Andre Young has since been released from the hospital, and WBEZ repeatedly reached out to him and Michele Young. The couple’s attorney, Timothy Tyler of Chicago, said the family would not have any comment. (Editor’s Note: After our story was published, Andre Young decided to add a comment below.)

Several parts of the system — from the landlord to city inspectors to the utility company (NIPSCO) — have been criticized for failing to prevent the kids’ deaths. The foster mom says the Department of Children Services also needs to be held accountable.

“DCS should be responsible for not following up on the house and making sure that the day they took them out of my house, where they had NIPSCO and TV and food and water and clean clothes and lots of love, that they weren’t placed where they had nothing,” she said.

But Bonaventura, the head of DCS, says ultimately it comes back to the parents.

“This was a father and mother who barricaded those children in that house. At some point, when are they responsible? Those people failed those children, first and foremost. Let’s not forget that,” Bonaventura said. “That’s just human nature. We want to blame somebody. Three kids are dead. It’s your worst nightmare. We want to blame somebody and I’ll take some of the blame. Can we do better? We can always do better. But to me the blame lies with that mother and that father.”

According to published reports, a grandmother of the two surviving children is seeking custody of the children, who are said to be living in foster care.
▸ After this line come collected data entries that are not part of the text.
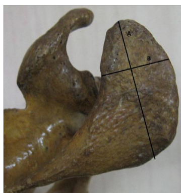
Figure 1 (A) Measurement of the length of the acromion L and (B) Breadth of the acromion B.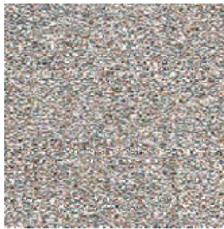
C HB2½ Rust Grade C Hydroblasted to an Sa2½ equivalent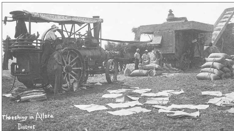
A traction engine driving a wheat thresher in the Allora district.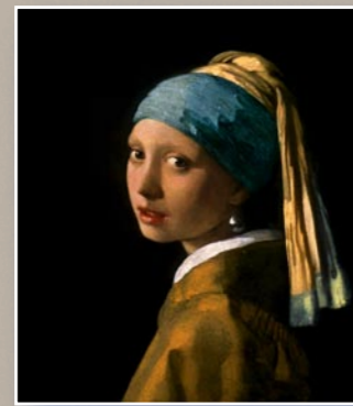
THE GIRL WITH A PEARL EARRING c. 1665–1667 18¼×15¼ in. 46.5×40 cm. Mauritshuis The Hague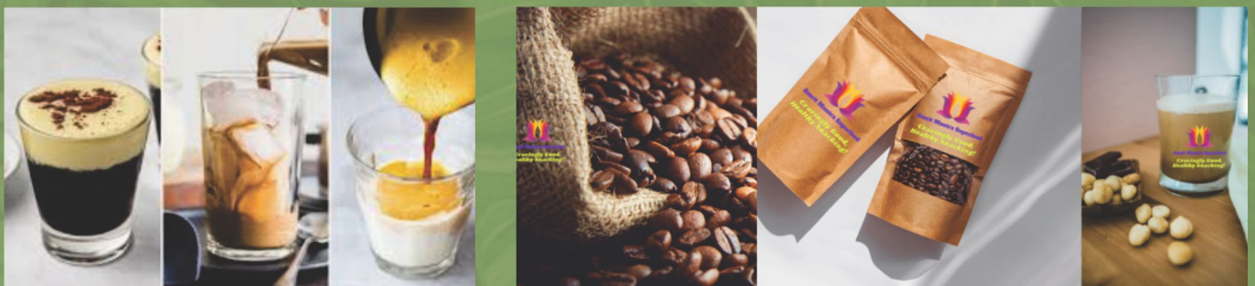
Coffee: Macadamia & Coconut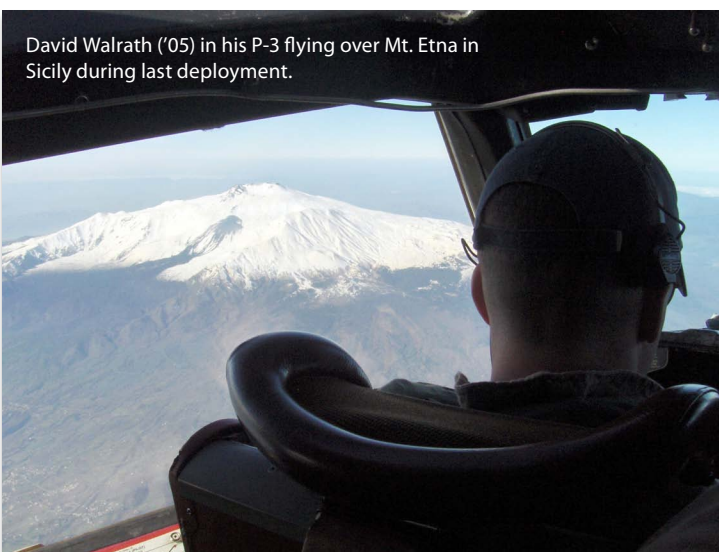
David Walrath ('05) in his P-3 flying over Mt. Etna in Sicily during last deployment.

Update your address information and let your pledge brothers know how you are doing!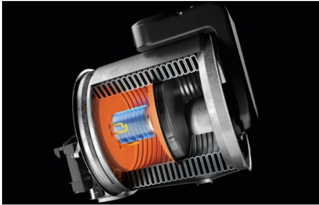
Low-emission, Viessmann-made MatriX Plus cylinder burner

The proprietary Viessmann modulating Lambda Pro Plus combustion control offers clean combustion, 10:1 turn down ratio and quiet operation with either propane or natural gas, which can be changed at the push of a button.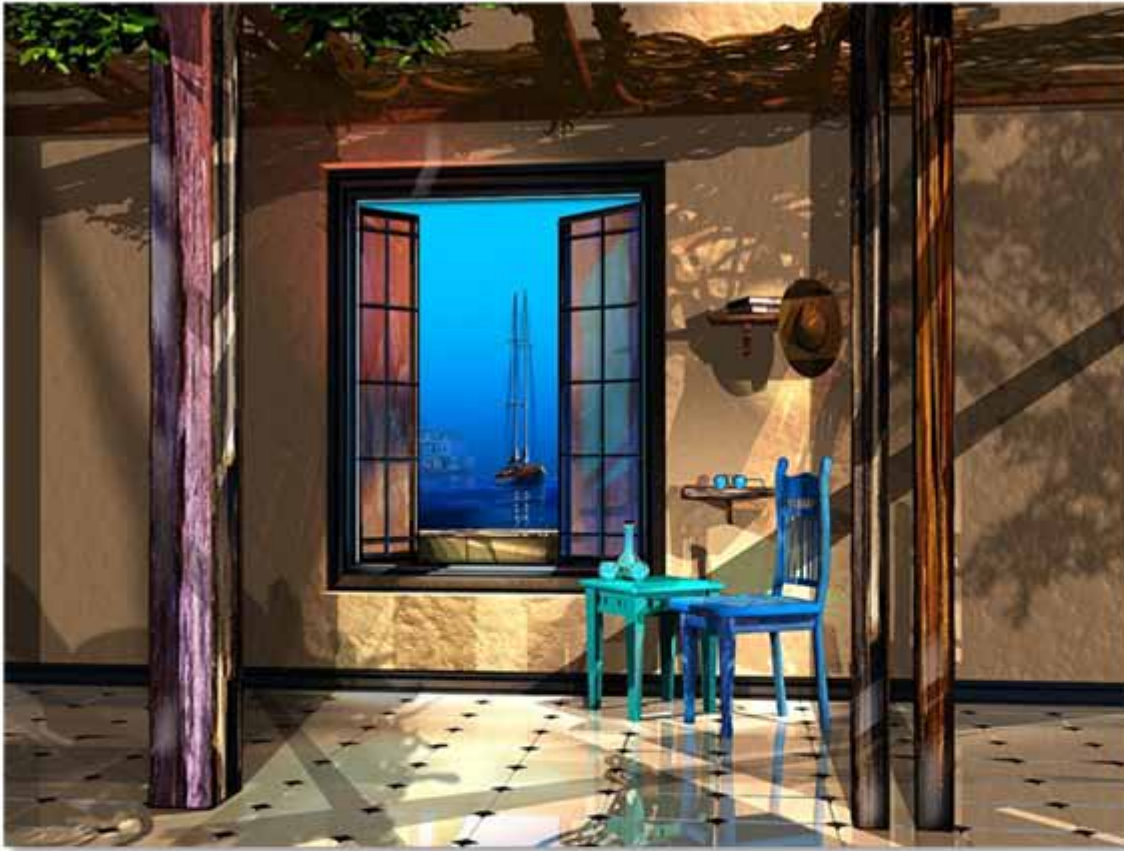
Good to be Home

In addition to an extraordinary collection of artwork and custom-framing, Ocean Galleries also offers a variety of hand-made crafts from local, regional, and national artists in America, such as glass, pottery, jewelry, and furniture. All summer exhibitions take place at the Stone Harbor location of Ocean Galleries (9618 Third Avenue). Ocean Galleries also has an Avalon, NJ location at 2199 Ocean Drive. For seasonal hours at both gallery locations, call 609-368-7777 or visit ocean-galleries.com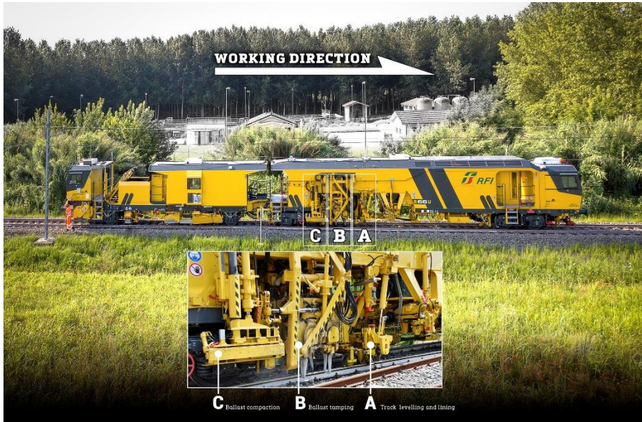
Fig. 1: Ballast tamping machine in operation

After the operation, the ballast is compacted enough (detail C in Fig. 1), to allow trains to travel over it without deformation of the track. This equipment is subjected to strong mechanical constraints sometimes due to heterogeneity of the ballast, so they need frequent maintenance.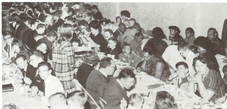
Enjoying the physical food.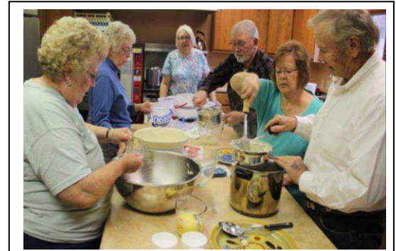
This crew riced potatoes the day before baking.

Lefse was frozen and sold at our bake sale December 9.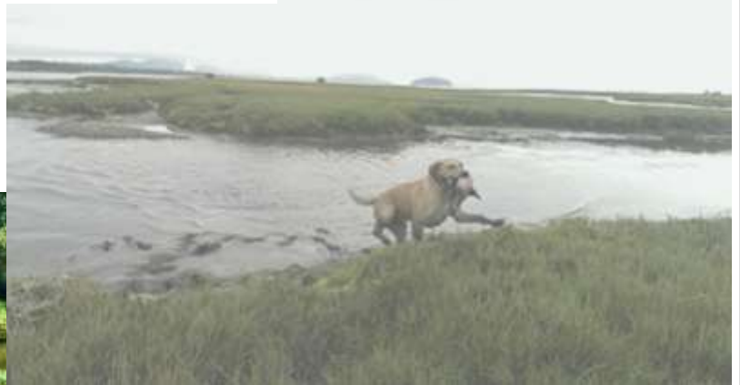
Retriever Training at the Swinomish Gun Club on Padilla Bay in Skagit County.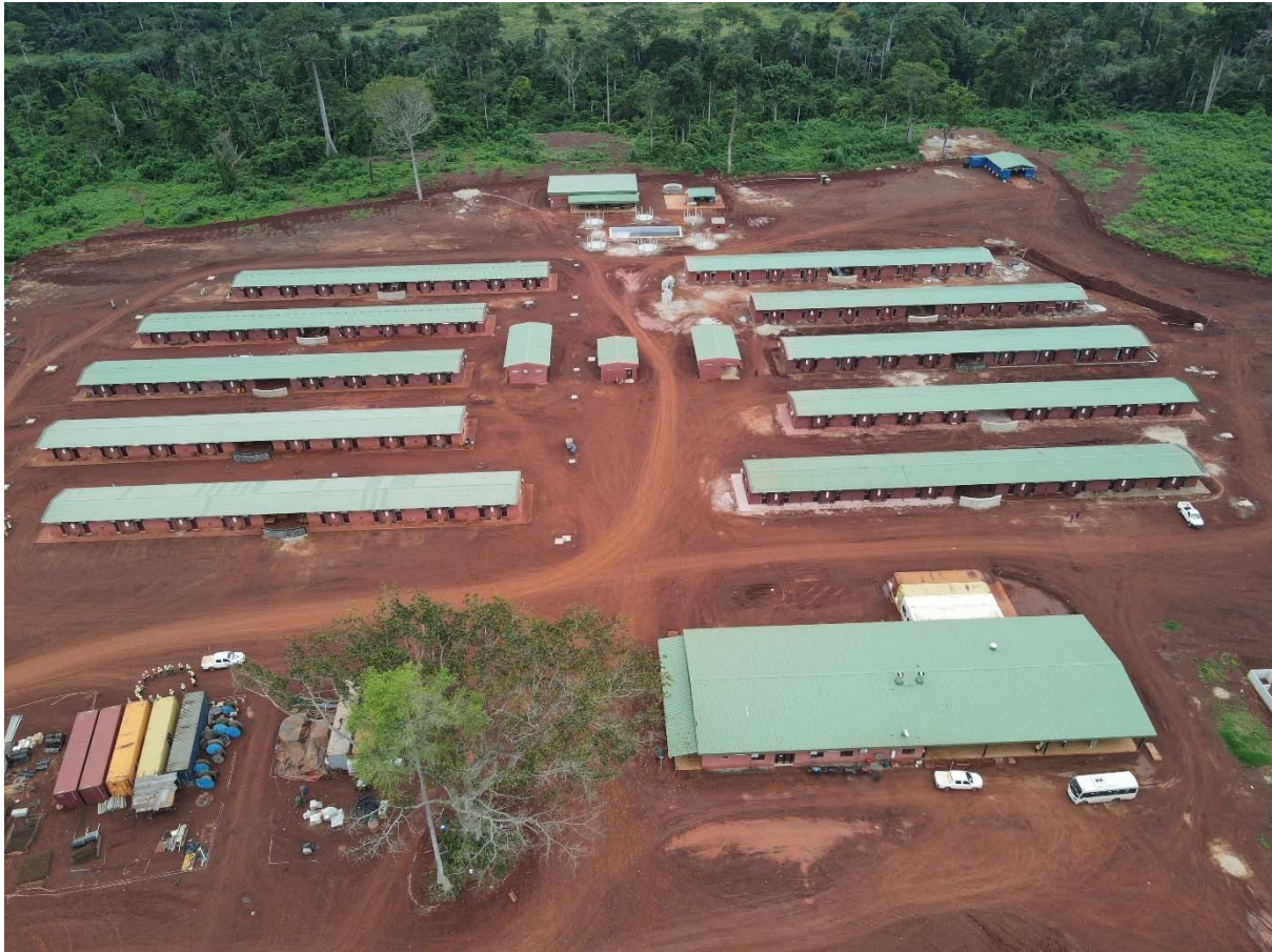
Figure 6: Overview of accommodation rooms and cafeteria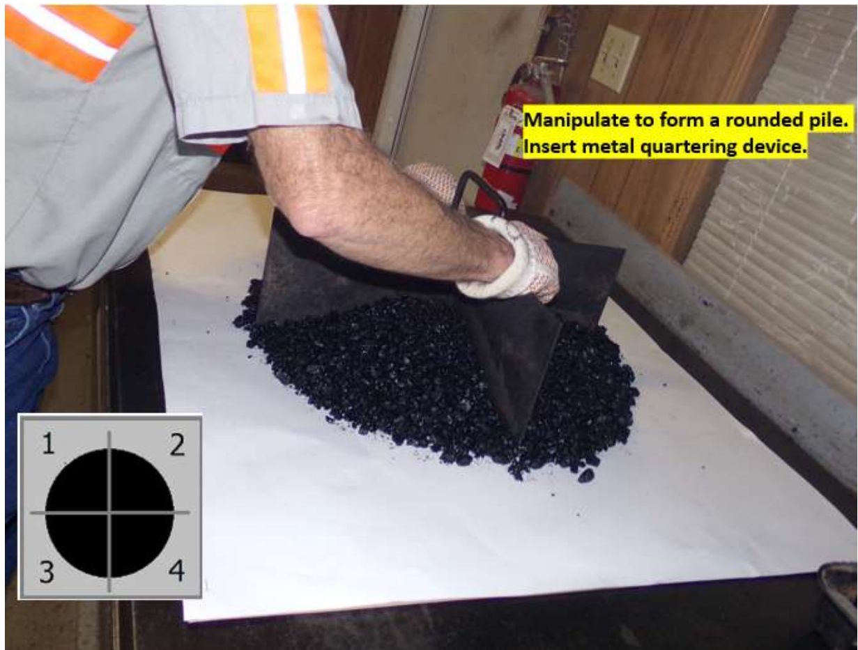
Figure 2. Rounded pile and metal quartering device.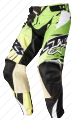
160 BLACK GREEN LIME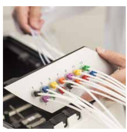
The SPECORD® PLUS Dissolution can be used to examine the release of active ingredients in tablets during the dissolution process.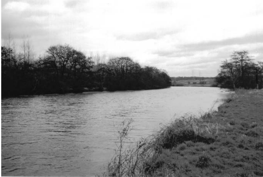
Fig. 5. The main channel of the river Thames south of Radley.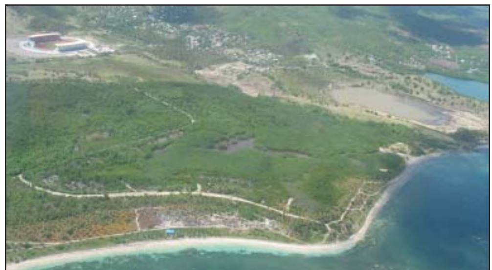
Potential Hotel Site

At Tuesday's Press Conference, Mr. Chastanet made mention of a hotel to be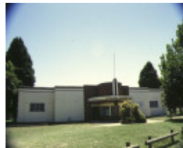
1 maryborough olympic complex building entrance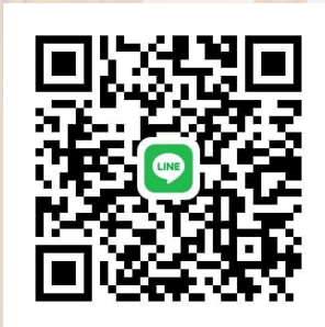
Line QR Code

Call: 02-564-4440-4 ext.7599, 06-6114-1388 (CICM SA)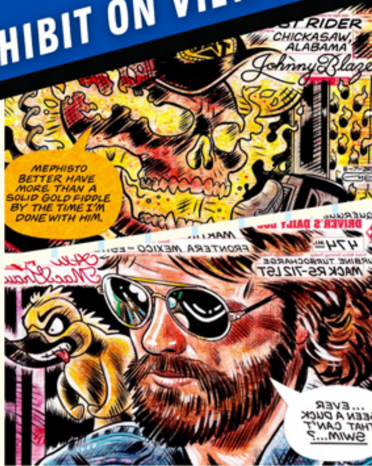
EXHIBIT ON VIEW OCTOBER 7 - NOVEMBER 10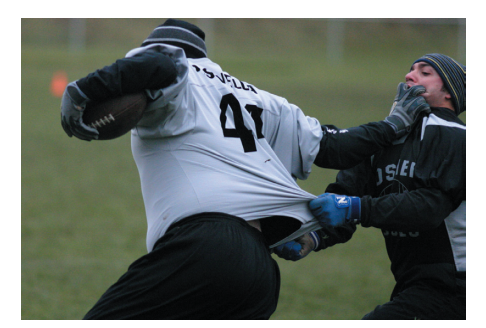
A STIFF ARM BLOCK ADDS A FEW MORE YARDS TO GAIN

The Capital District Flag Football League (CDFFL) has now grown more than five times the size and is one of the premier leagues in the nation, with over 60 teams, three separate divisions and a few National Champions. This year's championship was played in February in Irving, Texas, the home of the Dallas Cowboys and Texas Stadium.

Teddy bears and other mementos remain outside the house months after the fire. The house is scheduled to be demolished soon.

Meanwhile, the house at 644 Sibley Street in Hammond still has teddy bears and candles out front to honor the memory of the three children who died.

Pretty soon memories are all that will be left. The city says the house is scheduled for demolition.

“I still cry over it,” says the foster mom. “My grown children are telling me it’s going to be okay but it’s never going to be okay.”